1. The problem statement, all variables and given/known data

(a) Find debye frequency.
(b) Find number of atoms.

2. Relevant equations

3. The attempt at a solution

Part(a)

Density of states is given by
$$g(\omega) = \frac{3V\omega^2}{2 \pi^2 c^3} = N \left[ \frac{12 \pi \omega^2}{(2\pi)^2 n c^3} \right] = 9N \frac{\omega}{\omega_D^3}$$
Debye frequency is given by
$$\omega_D^3 = 6 \pi^2 n c^3$$

Part(b)
The number of atoms $N$ is related to occupation number $n(\vec k)$ by
$$N = \sum\limits_{k} n(\vec k) = \int \frac{g(\omega)}{e^{\beta \hbar \omega} - 1} d\omega$$
$$N = \frac{3V}{2 \pi^2 c^3} \int_0^{\infty} \frac{\omega^2}{e^{\beta \hbar \omega} - 1} d\omega$$
$$N =\frac{3V}{2 \pi^2 c^3} \left( \frac{1}{\beta \hbar}\right)^3 \int_0^{\infty} \frac{x^2}{e^x -1} dx$$
$$N = \frac{3V}{2\pi^2 c^3} \left(\frac{k}{\hbar} \right)^3 \cdot 2.404 \cdot T^3$$

Which volume should I use at this point? Should I use $(0.409nm)^3$ or should I use $(180nm)^3$?
Using the former gives $2.07$ which is exactly the number of lattice points of an FCC lattice.
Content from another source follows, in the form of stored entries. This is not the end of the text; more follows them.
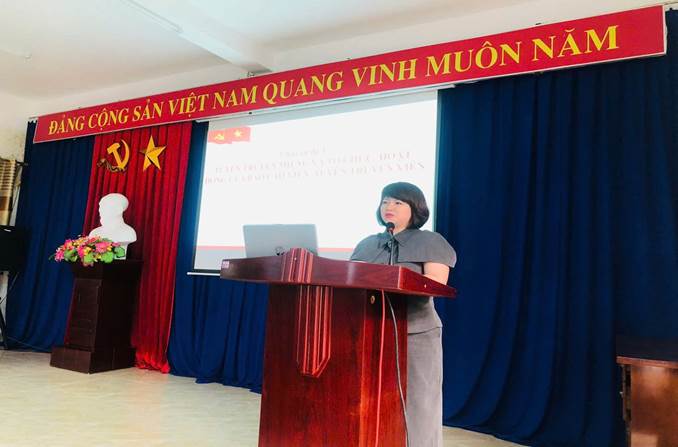 Đồng chí Lê Thùy Dung, Phó Bí thư Thường trực Đảng ủy xã Hữu Lũng, dự chỉ đạo và trực tiếp lên lớp bồi dưỡng chuyên đề 1.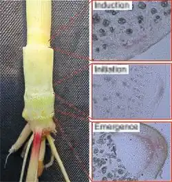 - ↑ Martin, J. N.; Hershey, A. L. (1935). The ontogeny of the maize plant. The early differentiation of stem and root structures and their morphological relationships. Iowa State Coll, J. Sci, 9: 489–503.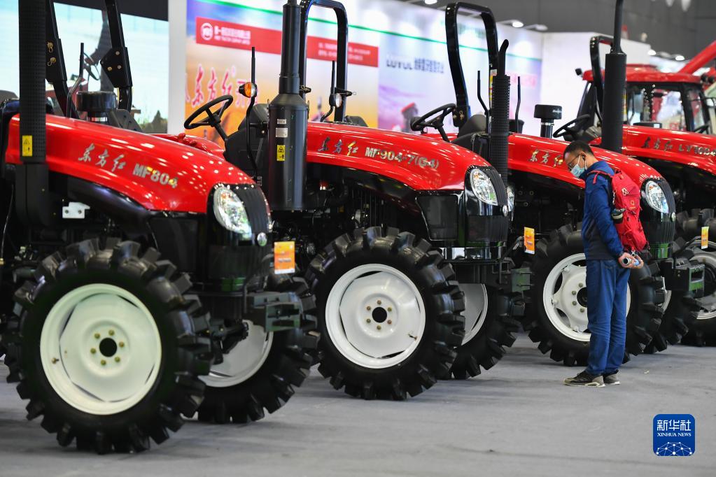 10月28日,參觀(guān)者在農業(yè)博覽會(huì )現場(chǎng)參觀(guān)農機裝備。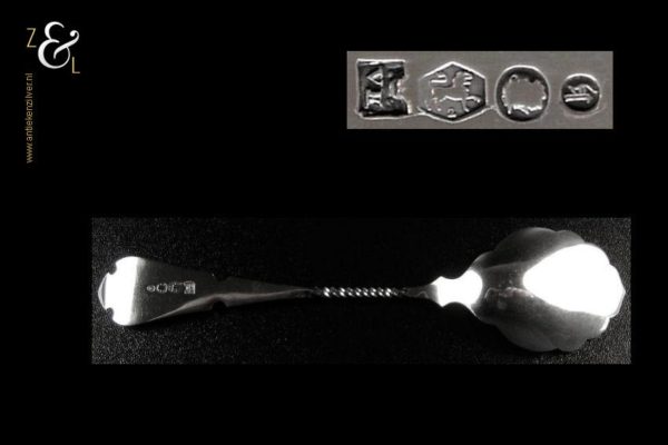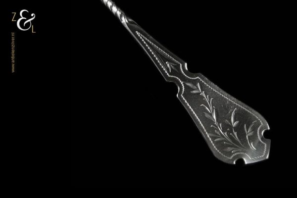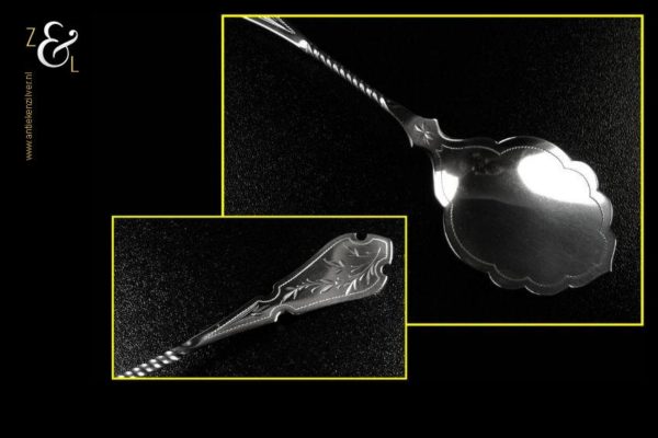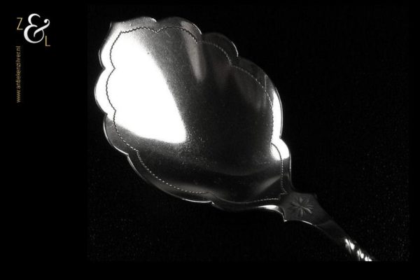 Bonbonlepel gemaakt in Voorschoten door de Fa. J.M. van Kempen & Zonen (meesterteken liggend maantje tussen punten boven VK in vierkant) in het jaar 1892 (jaarletter H). Deze gematteerde (matteren is een bewerking waarbij de zilversmid het oppervlak van een zilveren voorwerp een matte structuur geeft) en gegraveerde zilveren Jugendstil bonbonlepel weegt 22 gram en is 15.2 cm lang.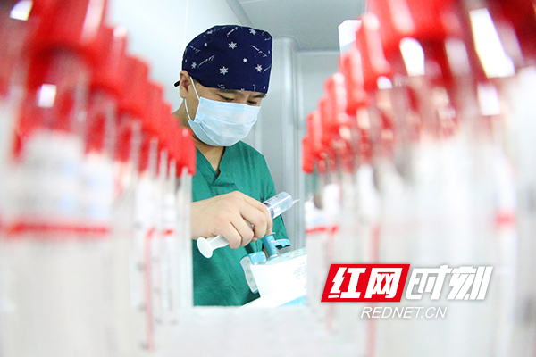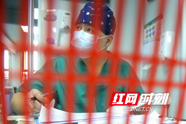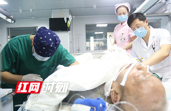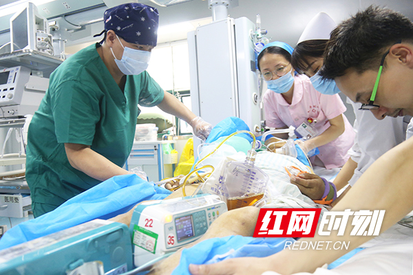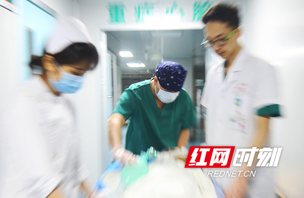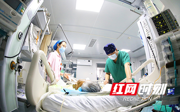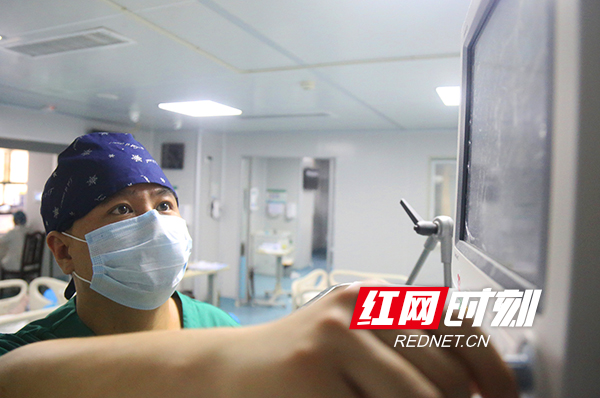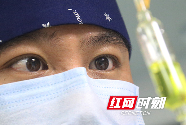 邓鑫虎在ICU病房紧张忙碌的工作中。

Using the latter gives $1.8 \times 10^8$.

2. Apr 29, 2015

### Staff: Mentor

"present within the nanocrystal" -> (180nm)3

3. Apr 30, 2015

### unscientific

Using the lattice constant gives exactly $N\approx 2$. Could I take that my answers are right?

4. May 1, 2015

### Staff: Mentor

Exactly 2? That is odd, it depends on temperature and there is no reason why this specific temperature should give exactly 2.

5. May 2, 2015

### unscientific

Considering this is an FCC, does 2 phonons = 2 lattice points?

6. May 2, 2015

### Staff: Mentor

What happens if you take a different temperature, like 100 K or 300 K?

7. May 3, 2015

### unscientific

True. So Number of phonons $\neq$ number of lattice points?

8. May 3, 2015

### Staff: Mentor

Sure.
There can be a temperature where the numbers are similar, but that is a meaningless coincidence.